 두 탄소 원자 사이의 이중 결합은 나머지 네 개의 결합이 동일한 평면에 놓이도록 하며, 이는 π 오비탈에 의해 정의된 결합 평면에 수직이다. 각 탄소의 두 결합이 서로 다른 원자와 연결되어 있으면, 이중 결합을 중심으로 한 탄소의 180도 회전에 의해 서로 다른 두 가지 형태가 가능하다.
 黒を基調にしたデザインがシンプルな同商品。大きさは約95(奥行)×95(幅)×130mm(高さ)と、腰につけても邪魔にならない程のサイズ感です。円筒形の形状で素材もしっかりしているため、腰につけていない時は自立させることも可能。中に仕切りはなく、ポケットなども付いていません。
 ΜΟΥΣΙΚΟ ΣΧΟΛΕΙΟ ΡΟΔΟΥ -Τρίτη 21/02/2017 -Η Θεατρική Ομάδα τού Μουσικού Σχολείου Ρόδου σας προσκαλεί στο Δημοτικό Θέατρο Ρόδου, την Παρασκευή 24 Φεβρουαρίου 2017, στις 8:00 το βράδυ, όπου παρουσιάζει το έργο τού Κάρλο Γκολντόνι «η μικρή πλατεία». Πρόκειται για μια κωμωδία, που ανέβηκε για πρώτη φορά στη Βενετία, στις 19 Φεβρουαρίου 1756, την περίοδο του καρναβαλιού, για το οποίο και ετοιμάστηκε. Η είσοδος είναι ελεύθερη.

^^^^^^^^^^^^^^^^

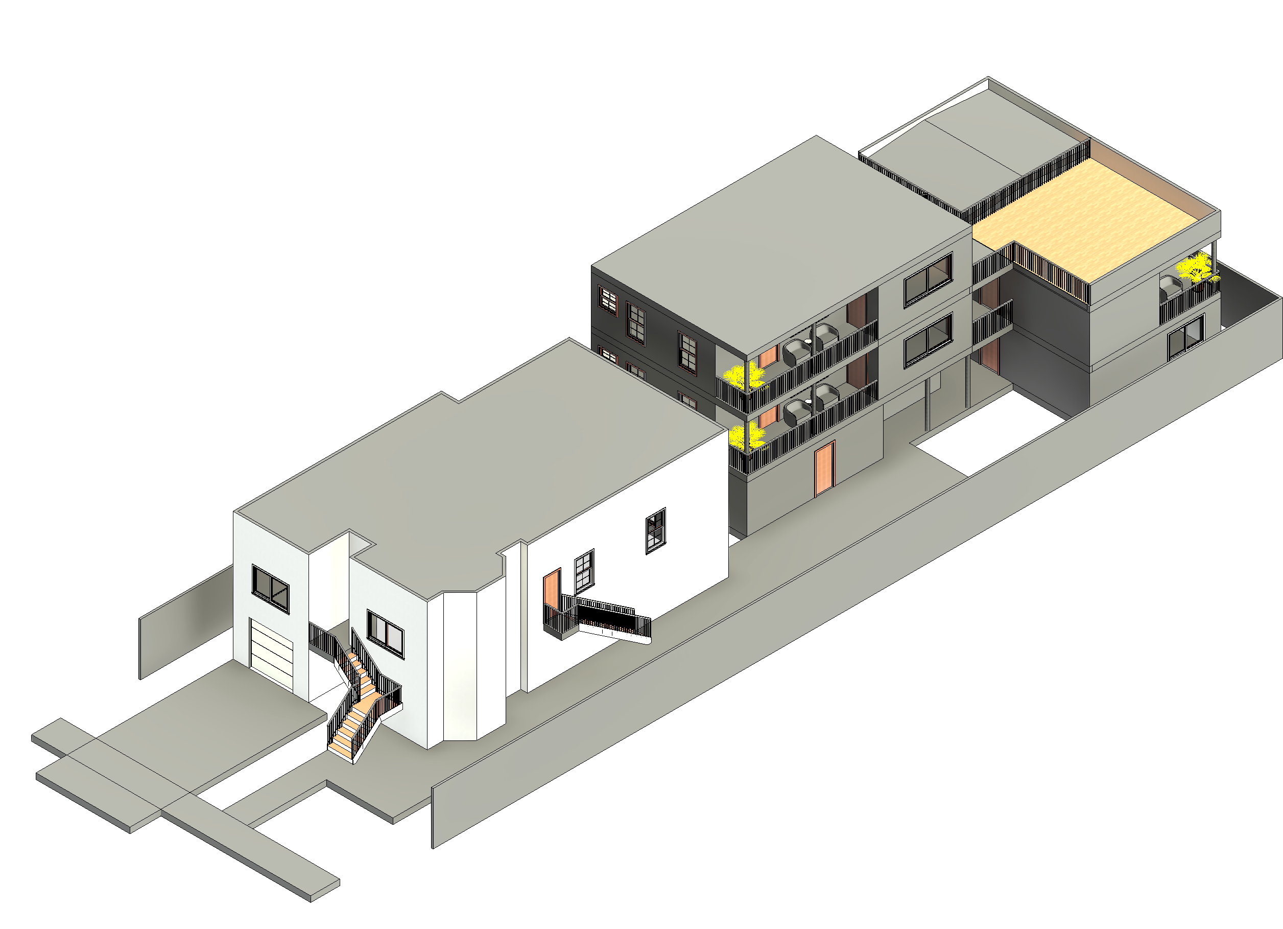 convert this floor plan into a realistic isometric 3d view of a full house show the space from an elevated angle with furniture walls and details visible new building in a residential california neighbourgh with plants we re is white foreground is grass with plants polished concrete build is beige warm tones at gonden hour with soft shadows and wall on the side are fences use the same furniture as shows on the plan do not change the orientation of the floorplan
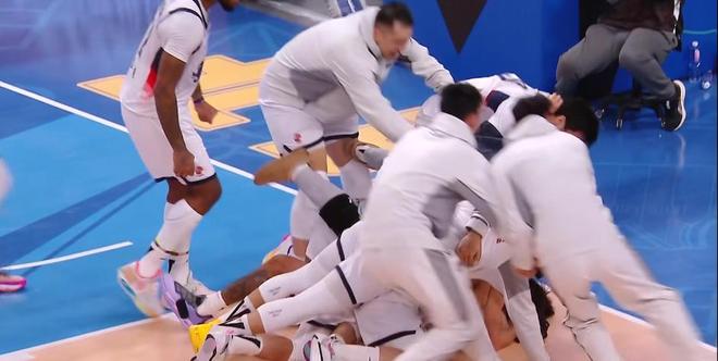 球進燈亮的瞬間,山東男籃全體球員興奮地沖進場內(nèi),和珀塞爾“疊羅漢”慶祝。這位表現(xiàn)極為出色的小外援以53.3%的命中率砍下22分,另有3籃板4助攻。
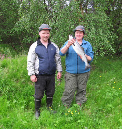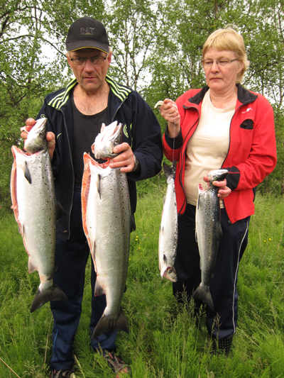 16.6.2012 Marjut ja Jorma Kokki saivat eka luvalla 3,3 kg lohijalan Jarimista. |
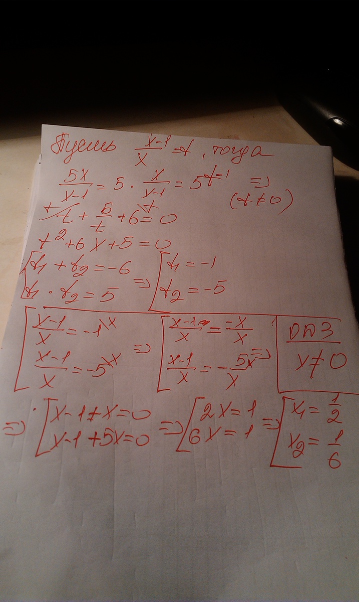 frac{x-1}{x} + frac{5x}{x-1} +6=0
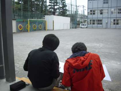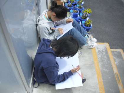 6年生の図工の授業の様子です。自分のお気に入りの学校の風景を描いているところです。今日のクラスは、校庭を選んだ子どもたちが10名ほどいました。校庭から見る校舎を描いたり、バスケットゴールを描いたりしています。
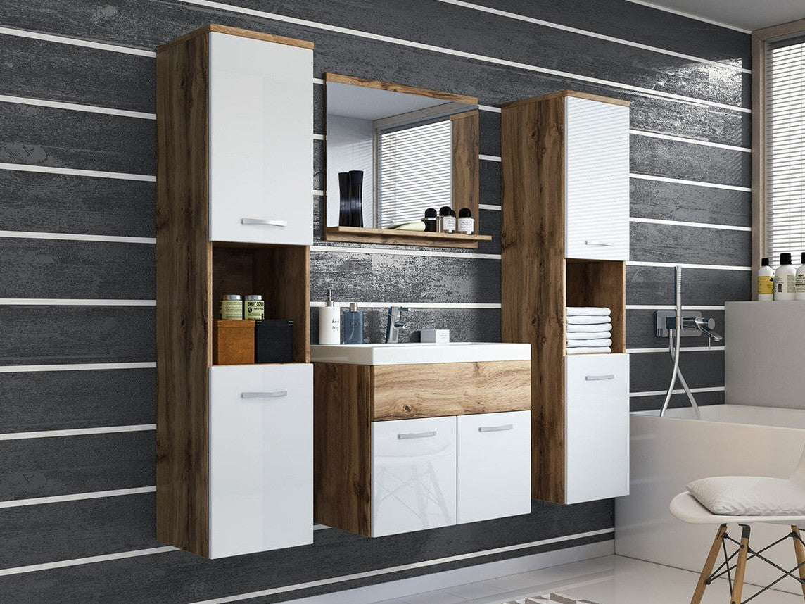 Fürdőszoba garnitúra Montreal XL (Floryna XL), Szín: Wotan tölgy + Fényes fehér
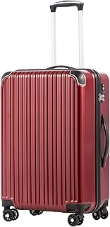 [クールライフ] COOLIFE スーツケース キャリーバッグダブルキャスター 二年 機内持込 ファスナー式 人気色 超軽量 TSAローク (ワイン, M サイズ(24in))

^^^^^^^^^^^^^^^^

What to produce → The lines to copy exactly start with the line above that has "16.6.2012 Marjut ja" and go on through the line that has "[クールライフ] COOLIFE スーツケース"; please include both, add nothing else, and omit the pictures.

Written response →
 16.6.2012 Marjut ja Jorma Kokki saivat eka luvalla 3,3 kg lohijalan Jarimista. |
 frac{x-1}{x} + frac{5x}{x-1} +6=0
 6年生の図工の授業の様子です。自分のお気に入りの学校の風景を描いているところです。今日のクラスは、校庭を選んだ子どもたちが10名ほどいました。校庭から見る校舎を描いたり、バスケットゴールを描いたりしています。
 Fürdőszoba garnitúra Montreal XL (Floryna XL), Szín: Wotan tölgy + Fényes fehér
 [クールライフ] COOLIFE スーツケース キャリーバッグダブルキャスター 二年 機内持込 ファスナー式 人気色 超軽量 TSAローク (ワイン, M サイズ(24in))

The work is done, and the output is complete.